Показано 1 из 12 страниц

1 2 3 4 ... 11 12


Раненная
       Роман о запутавшейся девушке
       


       
       
       
       
       
       
       
       
       
       
       
       
       
       
       
       
       
       
       
       
       
       
       Глава 1. Власть


       
        К этому моменту я был уже довольно известным в узких кругах, но всё ещё небогатым поэтом. Моя жизнь текла довольно размеренно и без особых сюрпризов. За спиной уже планомерно подкрадывалась зыбучая тоска, связанная с кризисом среднего возраста. Я достиг, конечно, большего, чем большинство тех, кто в этом городе пишет стихи, но явно меньшего, чем я рассчитывал в своей юности.

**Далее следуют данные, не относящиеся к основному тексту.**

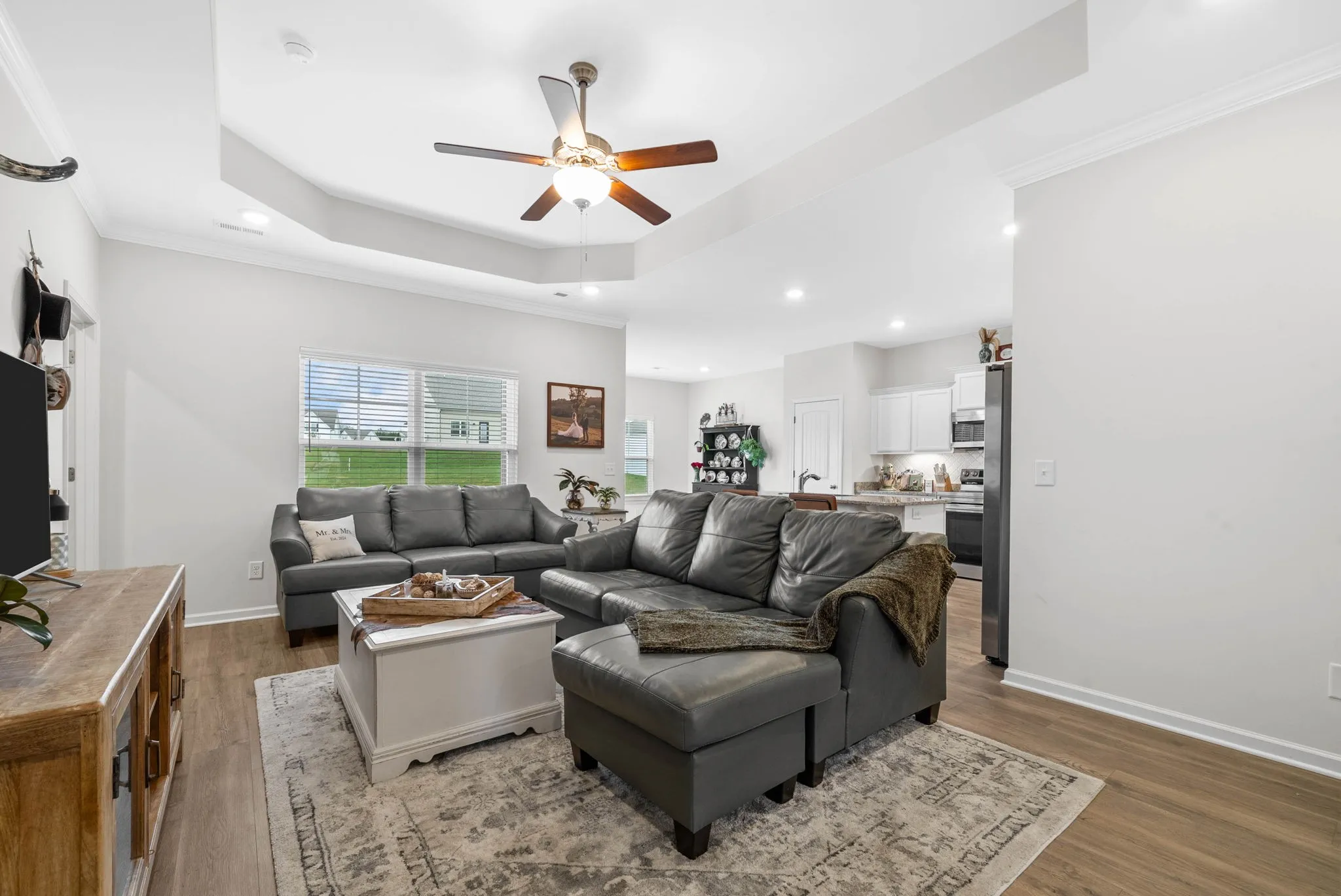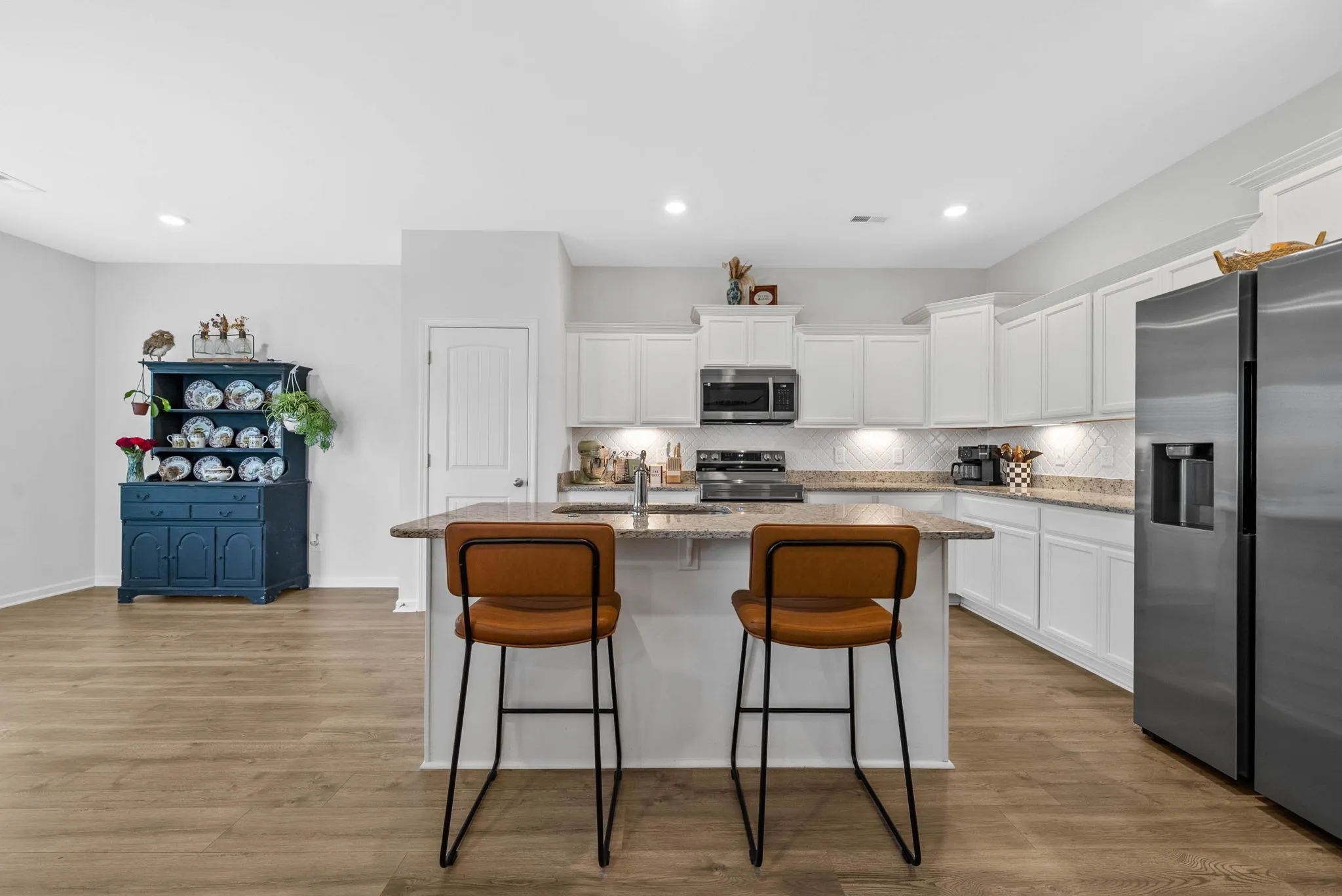 Single-level 3-bed/2-bath in coveted Creeksbend (North Murfreesboro 37129)—built 2023 and feels brand-new. Preferred lender offering $3900 towards buyer cosing costs or rate reduction. Open concept living with a split bedroom layout, modern kitchen with granite, tile backsplash, under-cabinet lighting, pantry, and stainless appliances that remain. King-size primary suite features double vanity, walk-in shower with bench, and a walk-in closet that connects directly to the laundry for everyday convenience. Extra shelving in every closet. Level 0.35-acre lot with an oversized backyard plus covered front porch and rear patio. 2-car garage with pull-down attic storage. Low-fee HOA with sidewalks and a scenic community walking trail along the river with pavilion and grill. Quick access to I-840/commuter routes; zoned Walter Hill Elem, Siegel Middle & Siegel High. Move-in ready, efficient, and easy to love—schedule your showing today.
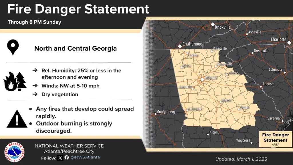 High fire danger conditions continue for Sunday afternoon and evening for all of north and central Georgia due to low humidities.
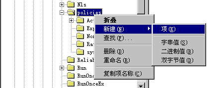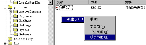 然后進入主鍵: HKEY_LOCAL_MACHINE\Software\Microsoft\Windows\CurrentVersion\Policies 新建Network子鍵(項) 在右側(cè)窗口中新建(右鍵選擇“新建”)一個名為AlphanumPwds的雙字節(jié)(操作系統(tǒng)的不同,出來的菜單可能有不同,Dword同樣表示雙字節(jié))值,(右鍵選擇”新建”) 數(shù)值為1即可。
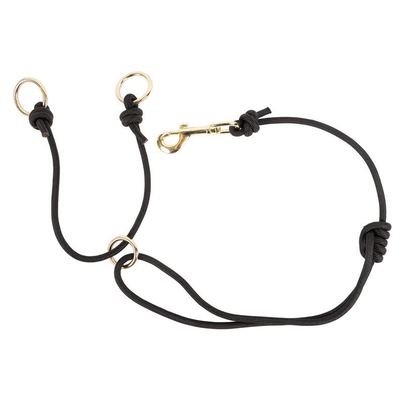 Training fork crafted from 5/16 round braided poly complete with brass plated hardware. Complete with swivel snap hook for easy attachment to your horses cinch.5/16 round braided polySliding knot for adjustabilitySwivel snap hook conveniently attaches to c
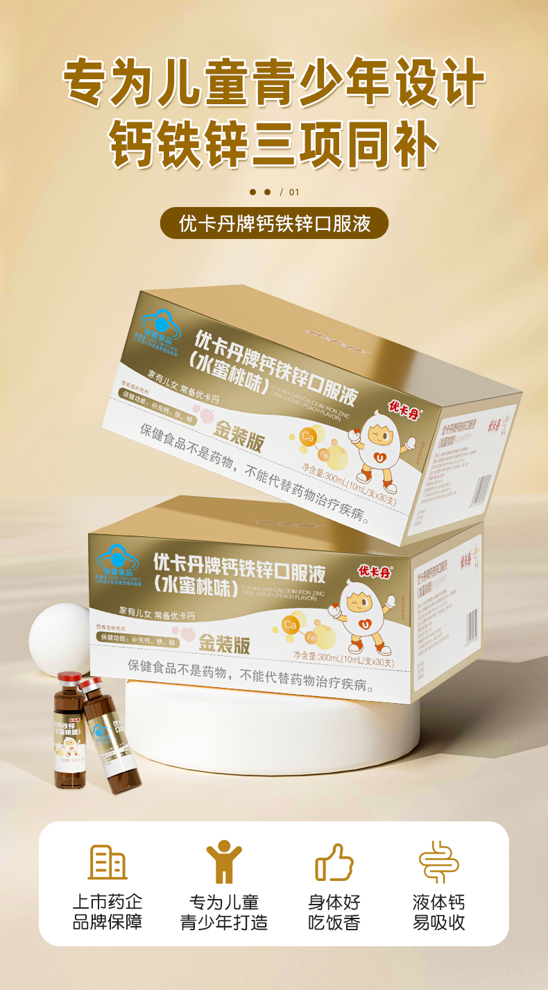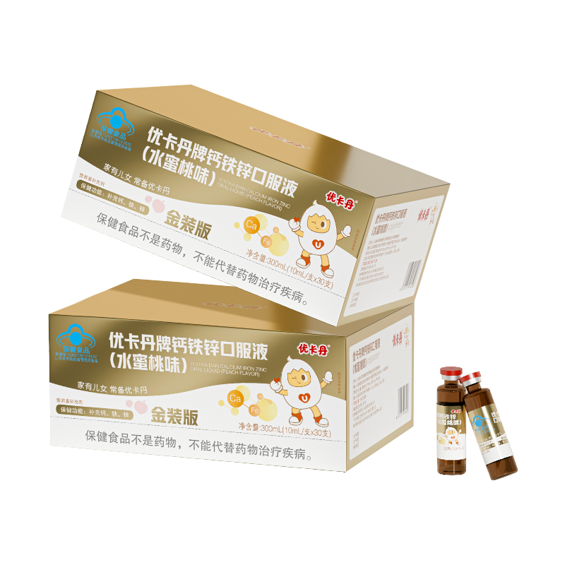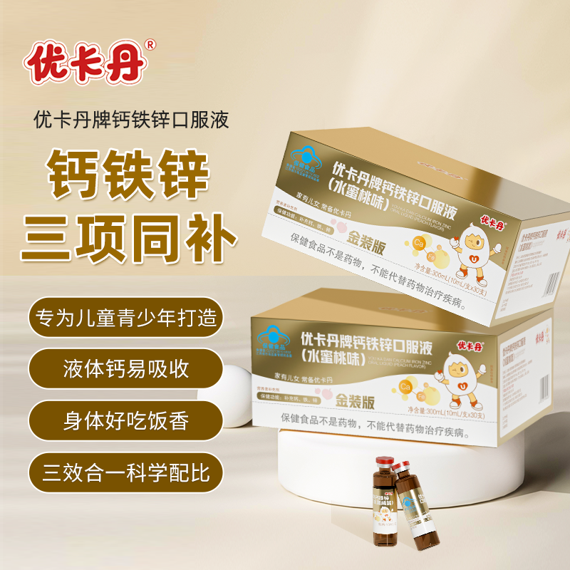 產品名稱:優卡丹牌鈣鐵鋅口服液(水蜜桃味)金裝版
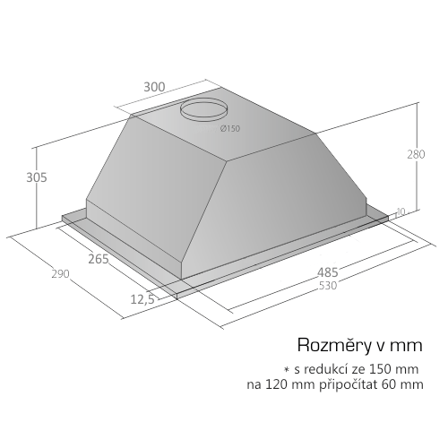 Pro výrobu skříňky je směrodatný rozměrový nákres a údaje v něm uvedené. Fotografie digestoří jsou ilustrační.

        Ты ворвалась в мою жизнь как молния, за какое-то мгновение осветив и перевернув всё в ней. Мы никогда с тобой не были ни друзьями, ни даже приятными знакомыми. Я никогда, если говорить честно, не был для тебя кем-то важным. А ты… я теряюсь в догадках, кем ты была для меня. Просто тебя забавляли мой неряшливый вид и едкое саркастическое отношение ко всему окружающему. А я просто очень тебя хотел.

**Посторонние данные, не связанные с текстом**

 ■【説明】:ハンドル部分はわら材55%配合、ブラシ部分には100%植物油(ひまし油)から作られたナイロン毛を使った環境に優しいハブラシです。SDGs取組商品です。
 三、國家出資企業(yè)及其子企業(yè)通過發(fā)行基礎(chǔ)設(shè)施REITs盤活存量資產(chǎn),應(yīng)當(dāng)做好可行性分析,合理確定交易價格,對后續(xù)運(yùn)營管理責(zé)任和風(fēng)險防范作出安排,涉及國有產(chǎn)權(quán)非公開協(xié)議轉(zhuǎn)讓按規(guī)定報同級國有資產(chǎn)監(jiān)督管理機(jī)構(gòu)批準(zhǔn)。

        Любовь? Как много разных смыслов сейчас вкладывают в это слово. Одна моя знакомая была готова буквально идти по рукам по просьбе её, как ей казалось, возлюбленного. А ты… Ты вызывала у меня множество чувств сразу. Порой, мне хотелось просто обнять тебя и заботливо гладить, украдкой вдыхая запах твоих волос. А порой я хотел разорвать тебя на куски. И то и другое желание могло возникнуть во мне одновременно.

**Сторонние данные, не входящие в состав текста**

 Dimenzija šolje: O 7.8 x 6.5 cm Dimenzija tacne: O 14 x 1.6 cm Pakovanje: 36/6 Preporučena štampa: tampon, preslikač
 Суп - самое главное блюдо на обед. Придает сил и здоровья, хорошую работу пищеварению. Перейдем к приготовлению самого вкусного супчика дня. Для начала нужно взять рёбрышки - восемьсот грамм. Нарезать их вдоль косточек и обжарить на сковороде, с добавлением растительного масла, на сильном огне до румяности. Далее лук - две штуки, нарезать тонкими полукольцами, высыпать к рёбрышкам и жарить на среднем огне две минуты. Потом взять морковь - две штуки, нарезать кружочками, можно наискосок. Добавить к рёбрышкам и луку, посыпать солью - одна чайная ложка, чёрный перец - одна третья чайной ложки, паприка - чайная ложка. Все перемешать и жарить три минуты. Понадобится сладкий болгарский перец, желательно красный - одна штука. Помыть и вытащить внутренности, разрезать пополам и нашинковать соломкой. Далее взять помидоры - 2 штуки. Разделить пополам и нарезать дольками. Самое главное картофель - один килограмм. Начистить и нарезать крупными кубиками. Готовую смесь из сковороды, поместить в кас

        Я так и не смог понять тебя. Хотя, временами, казалось, был к тебе ближе, чем кто-либо. Конечно, порой мне хотелось просто нарушить твоё одиночество, хотя и я конечно, не мог этого сделать. Я и не думал, что увижу тебя ещё раз, потому как расстались мы довольно плохо. Но сейчас речь не об этом.
        Как сейчас помню, я читал стихи в питерском клубе «Аллигатор» за скромную, хоть и приятную сумму. Если поэту платят хотя бы гроши, значит, он уже добился небывалых высот. Мои коллеги в зале скучающе курили. Основные мои стихотворения они уже знали, а нового я почти не писал. На задних рядах, правда, заворожённо слушала пара молоденьких девушек. Даже у самых плохих поэтов питерской тусовочки есть свои почитательницы, чем я по молодости безбожно пользовался.
       
       
       Но всё случится, Галатея!
       Сказал я, бредя и краснея.
       И зарыдал у твоих ног.
       То был души моей итог!
       
        Раздался шум аплодисментов. Первые ряды хлопали методично и надменно. Мол, надрыв, конечно, чувствуется, но как же ты, братец, устарел. Кто сегодня вообще пишет о женщинах, как будто они мраморные статуи.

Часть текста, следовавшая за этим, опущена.